**Exercise goal**
For the records below, please print exactly and only the lines from the one with "El humidor White" down to the one with "Deux jeunes touristes", both ends included, omitting the pictures.

**Record excerpts**
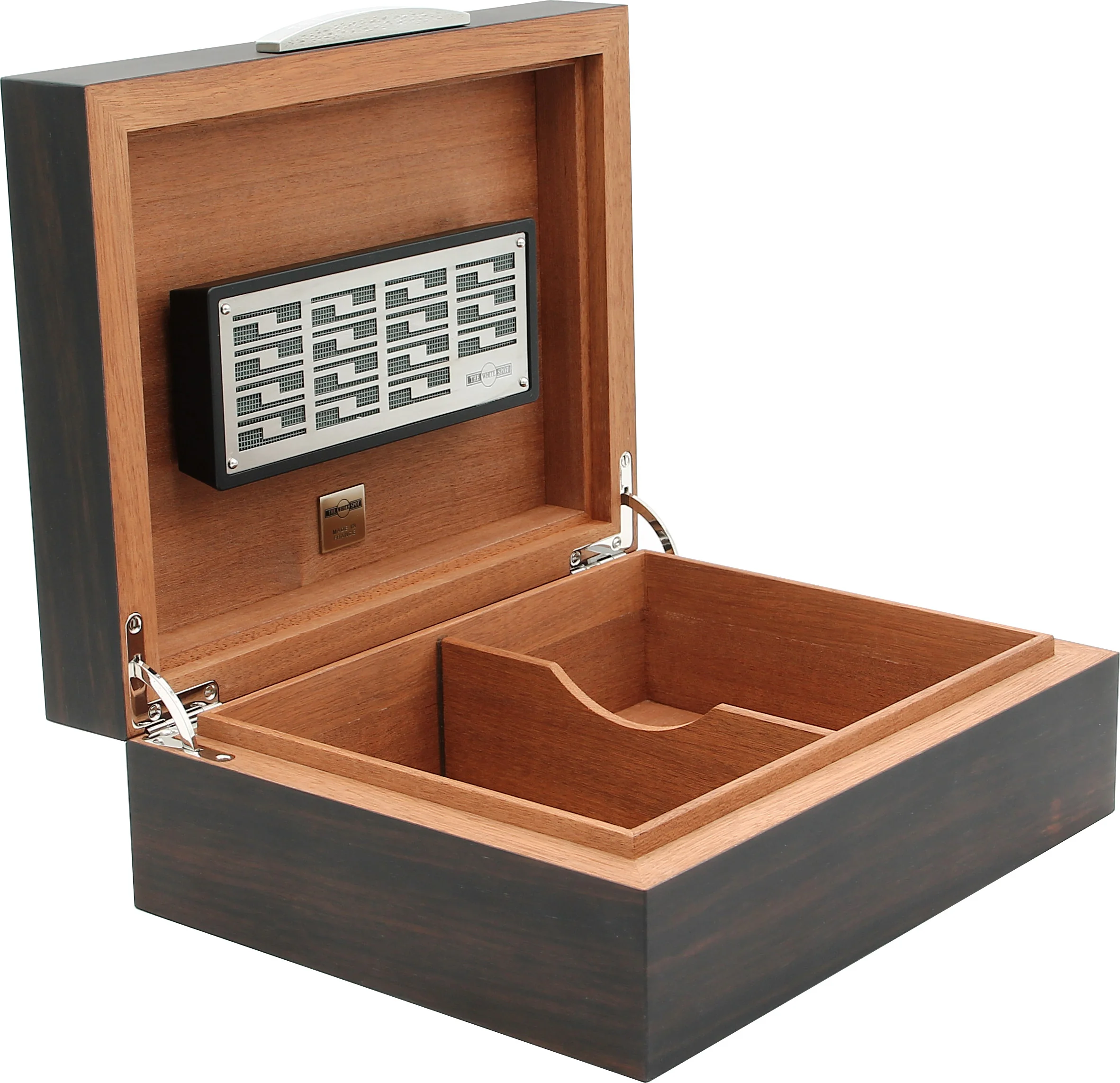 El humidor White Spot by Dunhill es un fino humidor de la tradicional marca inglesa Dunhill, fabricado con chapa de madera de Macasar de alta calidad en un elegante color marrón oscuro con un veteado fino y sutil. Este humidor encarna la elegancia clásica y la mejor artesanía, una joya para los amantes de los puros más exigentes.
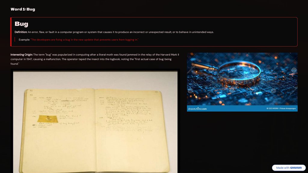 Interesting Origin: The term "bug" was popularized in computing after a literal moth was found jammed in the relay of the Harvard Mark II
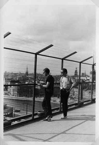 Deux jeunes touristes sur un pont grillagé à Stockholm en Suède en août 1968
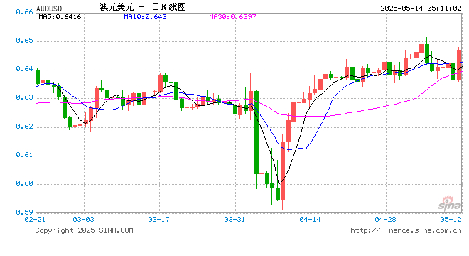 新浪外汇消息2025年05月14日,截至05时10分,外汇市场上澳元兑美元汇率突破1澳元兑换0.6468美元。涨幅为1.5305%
---
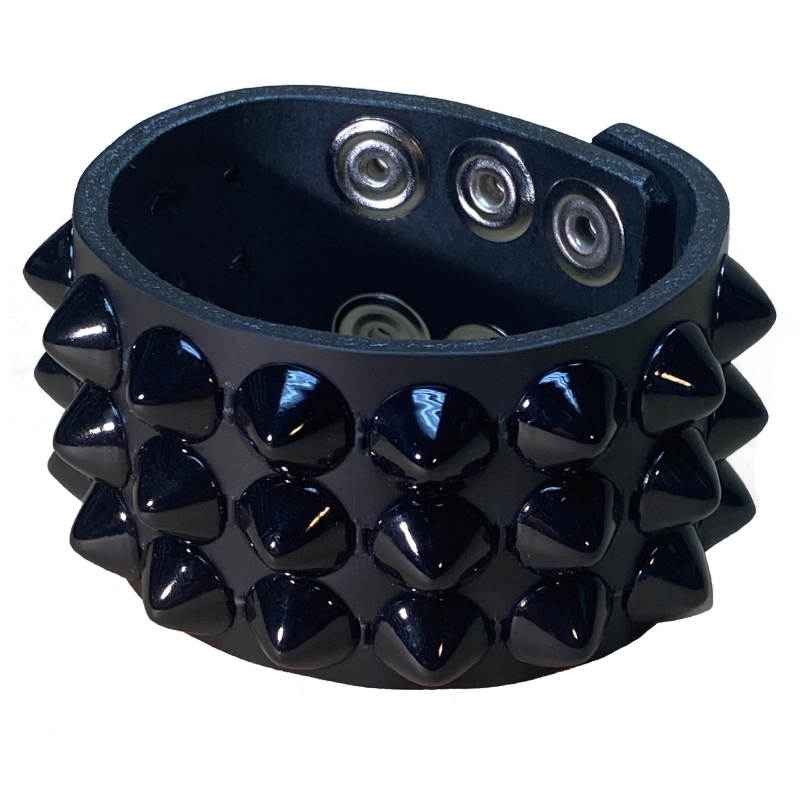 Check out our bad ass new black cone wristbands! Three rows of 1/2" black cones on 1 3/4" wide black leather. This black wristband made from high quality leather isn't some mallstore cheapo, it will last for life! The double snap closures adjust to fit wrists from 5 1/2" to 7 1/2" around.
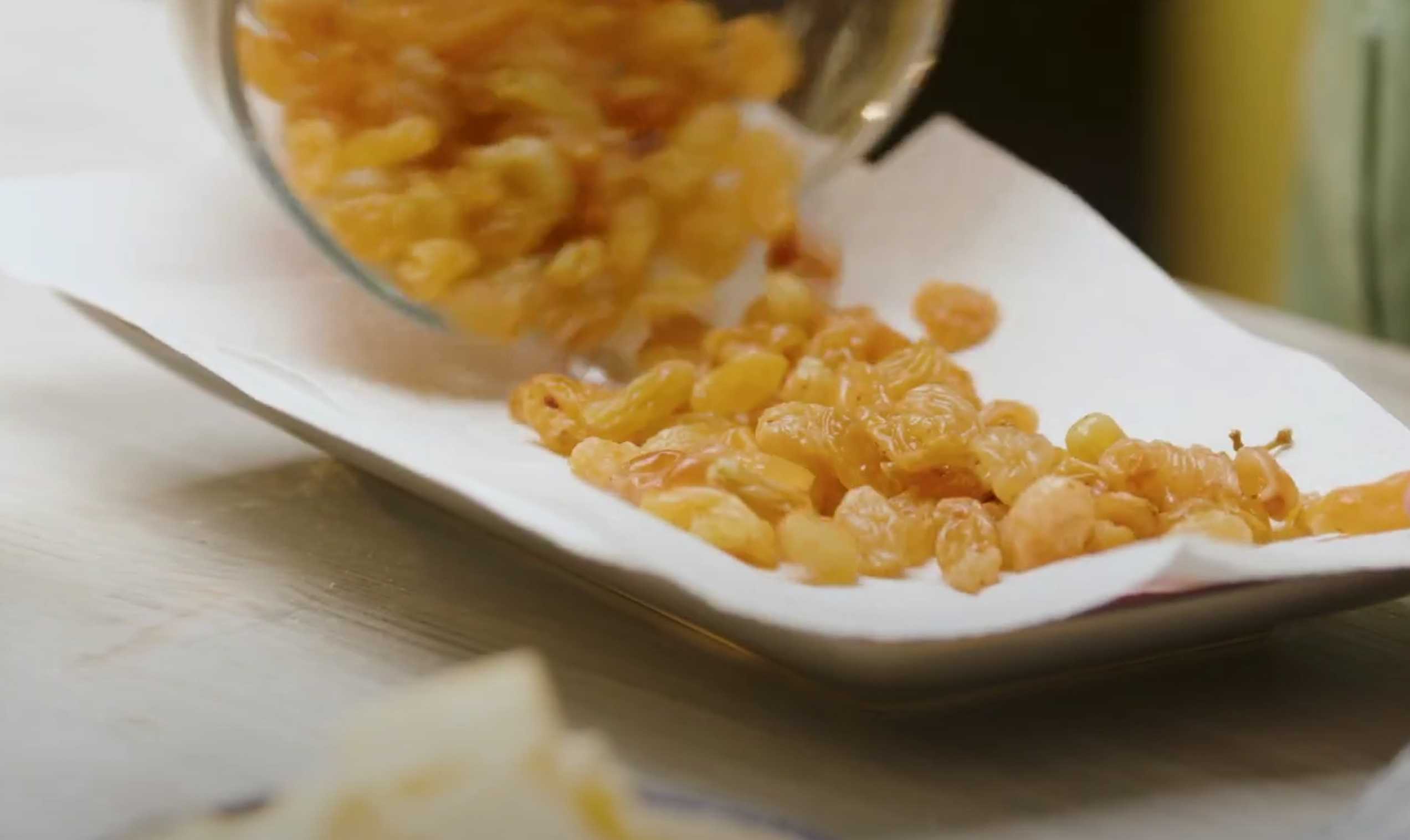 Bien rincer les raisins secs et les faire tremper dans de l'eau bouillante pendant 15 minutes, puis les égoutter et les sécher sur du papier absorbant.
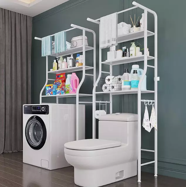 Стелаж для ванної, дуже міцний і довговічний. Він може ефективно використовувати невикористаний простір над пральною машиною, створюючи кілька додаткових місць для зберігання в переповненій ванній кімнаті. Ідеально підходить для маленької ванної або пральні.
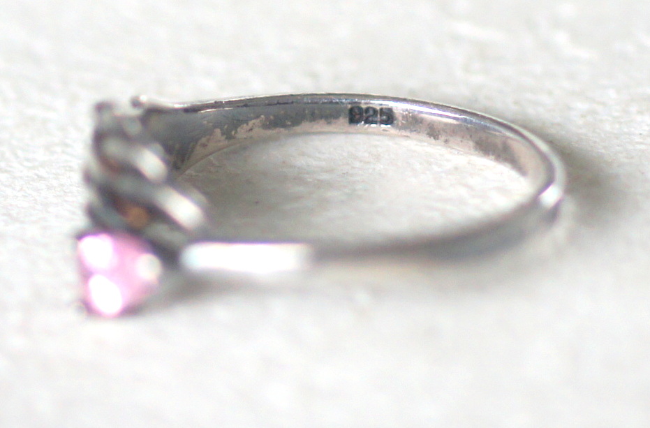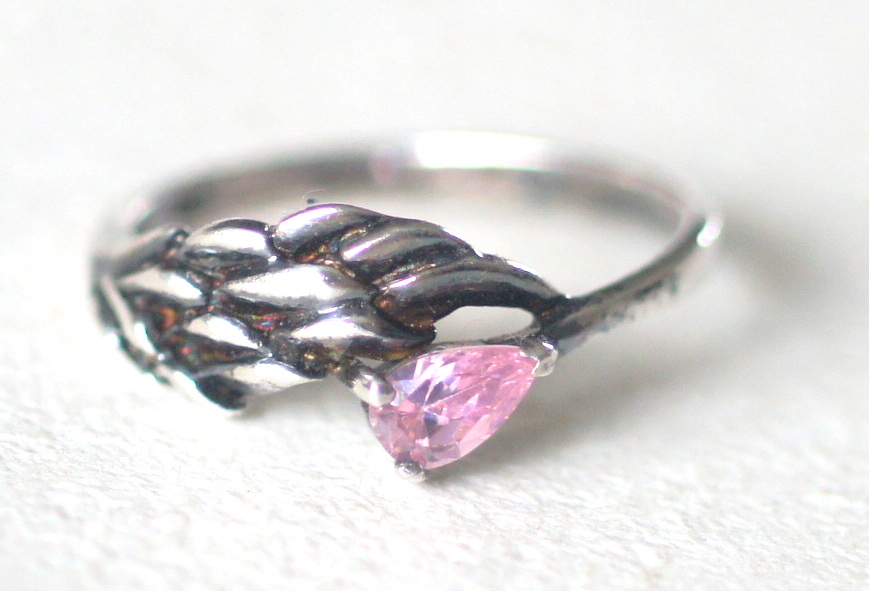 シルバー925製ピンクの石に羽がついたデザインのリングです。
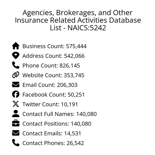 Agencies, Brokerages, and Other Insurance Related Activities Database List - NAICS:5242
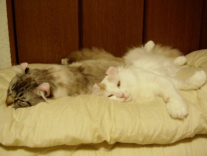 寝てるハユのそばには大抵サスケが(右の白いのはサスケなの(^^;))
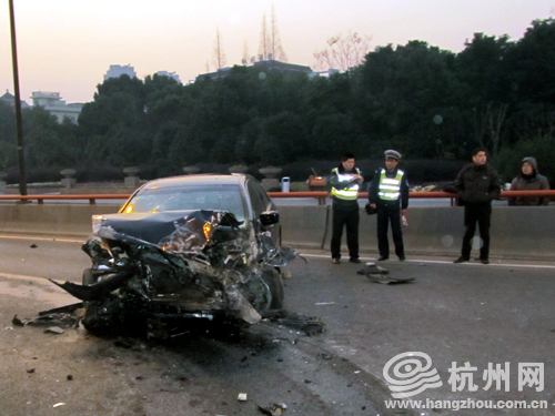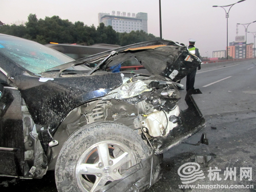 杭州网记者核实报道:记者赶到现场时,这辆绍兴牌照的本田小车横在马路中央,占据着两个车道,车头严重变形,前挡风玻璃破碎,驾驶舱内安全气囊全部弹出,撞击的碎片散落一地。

**Task output**
 El humidor White Spot by Dunhill es un fino humidor de la tradicional marca inglesa Dunhill, fabricado con chapa de madera de Macasar de alta calidad en un elegante color marrón oscuro con un veteado fino y sutil. Este humidor encarna la elegancia clásica y la mejor artesanía, una joya para los amantes de los puros más exigentes.
 Interesting Origin: The term "bug" was popularized in computing after a literal moth was found jammed in the relay of the Harvard Mark II
 Deux jeunes touristes sur un pont grillagé à Stockholm en Suède en août 1968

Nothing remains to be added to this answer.